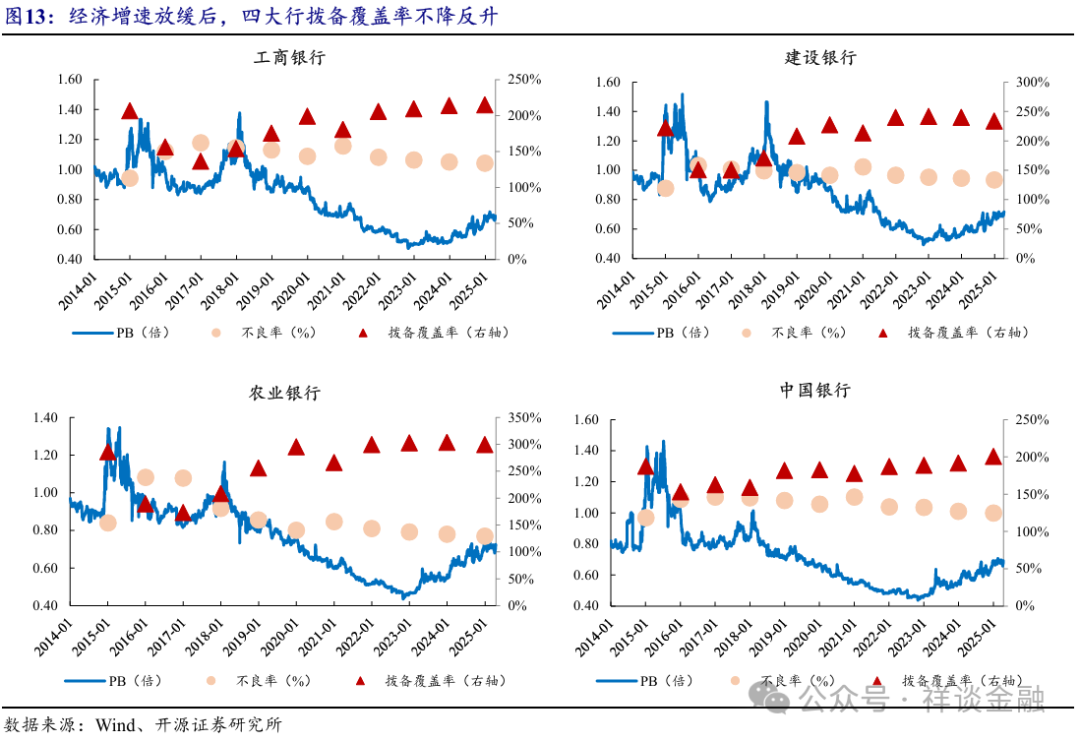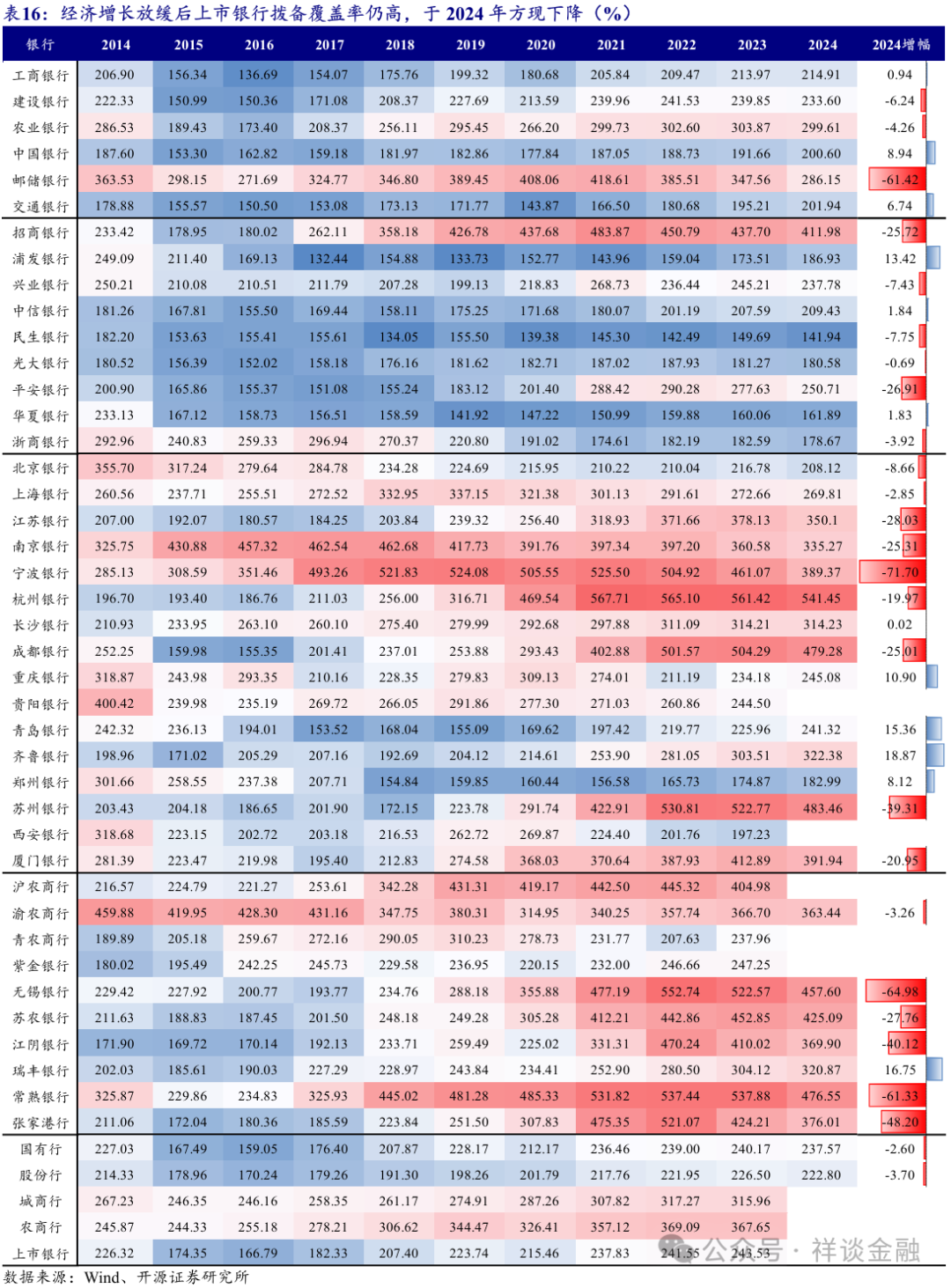 我国于2011年正式建立动态贷款损失准备调整制度,2018年新金融工具准则实施将减值损失计提方法由“已发生损失法”修订为“预期损失法”,上述均体现了监管前瞻性计提拨备的要求。2012年起我国经济增长动能有所调整,GDP增速自2000年来首次滑落至8%以下,商业银行营收增长同步承压,期间银行股估值逻辑经历了盈利驱动估值分化—风险扩散后估值收敛—红利推动估值提升的演变。当前商业银行零售业务风险虽有所抬升,但对公业务风险较前期大幅缓解,不良率整体呈下降趋势。与此同时拨备覆盖率仍处高位,这与经济放缓时期银行可适当少提拨备的经营思路相背。逆周期拨备动态调整机制作为稳增长政策的组成部分,未来或仍有发力空间,商业银行拨备覆盖率、拨贷比等指标存在下调及差异化监管可能。上市银行2024年拨备覆盖率总体下降,但大小行分化明显:国有行拨备覆盖率降幅有限,贷款减值损失却同比减少;部分农商行拨备覆盖率大幅下调,但新增拨备计提同比超50%。故银行拨备覆盖率下降并不意味会形成盈利贡献,通过拨备释放利润的能力亦不仅取决于拨备绝对水平的高低。
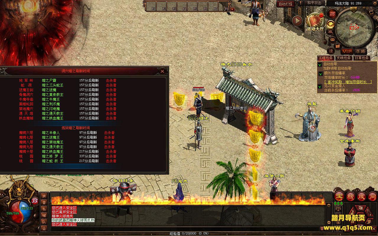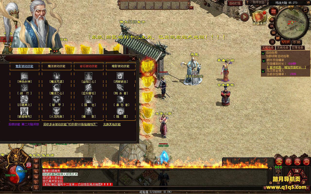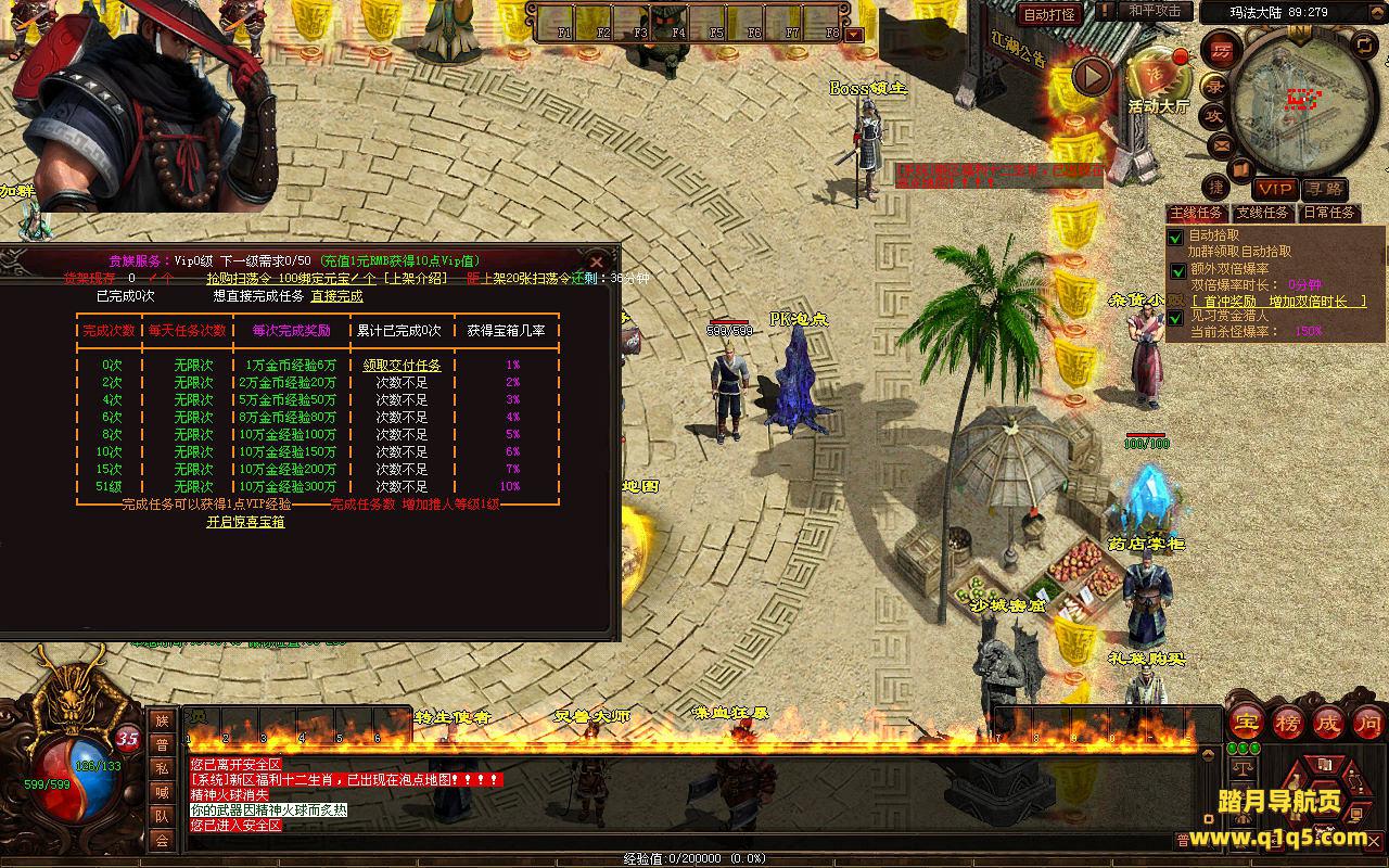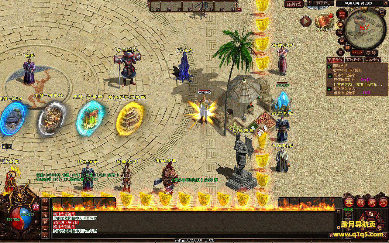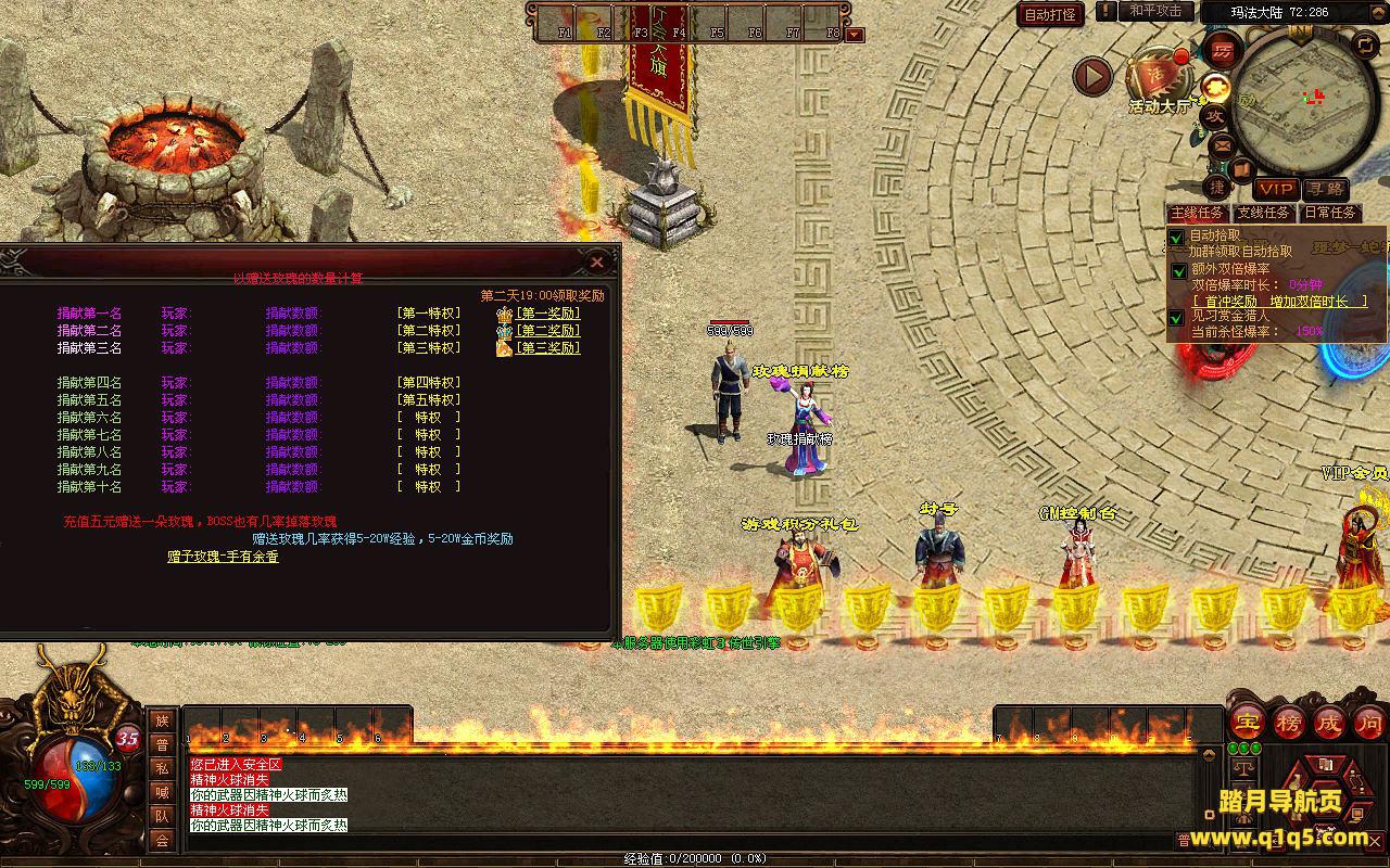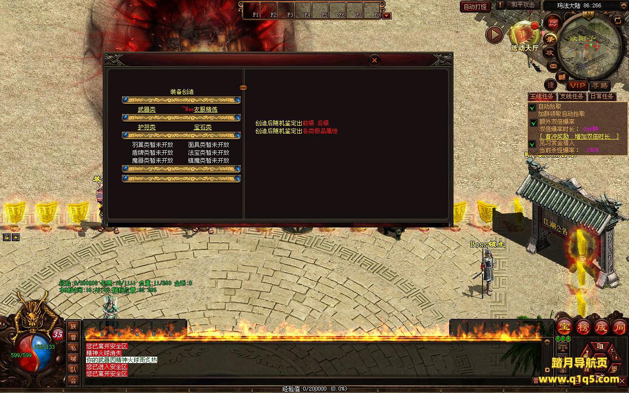 下面我们来测试下游戏里的功能看看。好了。其他功能就自行测试吧。更多的游戏资源可以访问www.q1q5.com下载,我们每款游戏资源均单独制作了独立的视频架设教程,让小白也可以快速上手游戏架设,快来体验自己做GM的乐趣吧。
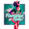 Description: Agent 47 in a flamingo costume on a background of turquoise pool water. The caption reads 'Flamingo Time!' in glowing turquoise letters
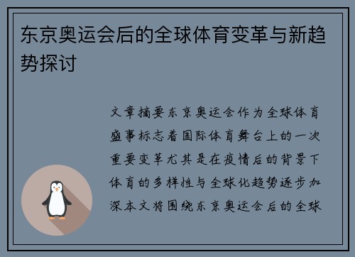 体育运动能够增强体力、改善心肺功能、减轻压力、促进心理健康和增加社交机会。
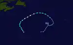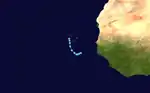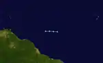 Initially, the depression was forecast to attain tropical storm status, maintaining good outflow and some banding features around the system.[31] Around 0900 UTC on June 11 satellite-based intensity estimates indicated the depression was near tropical storm status.[34] However, the convection subsequently diminished and became displaced to the northeast of the center, and late on June 11 the depression degenerated into an open tropical wave about 950 miles (1,530 km) east-southeast of Barbados.[28] The tropical wave remained well defined with a well-defined low-level vorticity, though strong wind shear prevented tropical redevelopment.[35] On June 13 its remnants passed through the Lesser Antilles, and the wave continued westward through the Caribbean Sea.[36]
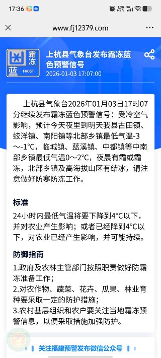 [苗情]预计未来一周(1月5日~11日),全省平均气温-14.7℃左右,比常年-15.1℃稍高。西部:-14.0℃左右;中部:-14.5℃左右;东部:-15.5℃左右。
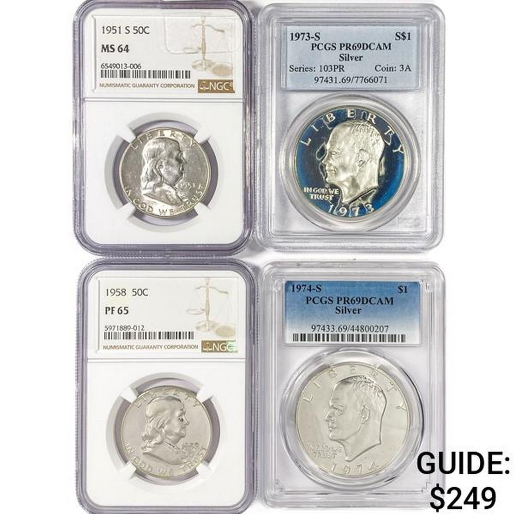 (4) US Varied Silver Coinage NGC,PCGS 1951-1974
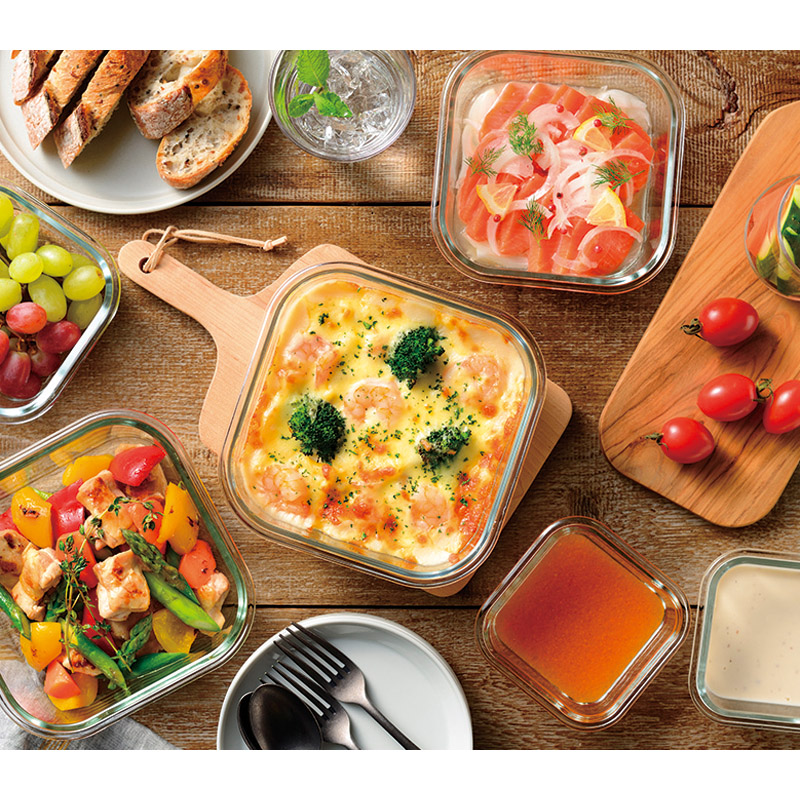 本体は耐熱温度差120度の耐熱ガラスなので電子レンジはもちろん、オーブン調理も可能。ニオイもつきにくいです。蓋はシリコーンパッキン&4点ロックでしっかり保存することができます。ガラスで透明なので冷蔵庫の中を見たときに一目で中身を確認できます。食洗機OK。

WHAT TO DO:
Could you return each line, unchanged, from the line containing "(4) US Varied" through the last line of the entries above, leaving out the pictures?

OUTPUT OF THE EXERCISE:
 (4) US Varied Silver Coinage NGC,PCGS 1951-1974
 本体は耐熱温度差120度の耐熱ガラスなので電子レンジはもちろん、オーブン調理も可能。ニオイもつきにくいです。蓋はシリコーンパッキン&4点ロックでしっかり保存することができます。ガラスで透明なので冷蔵庫の中を見たときに一目で中身を確認できます。食洗機OK。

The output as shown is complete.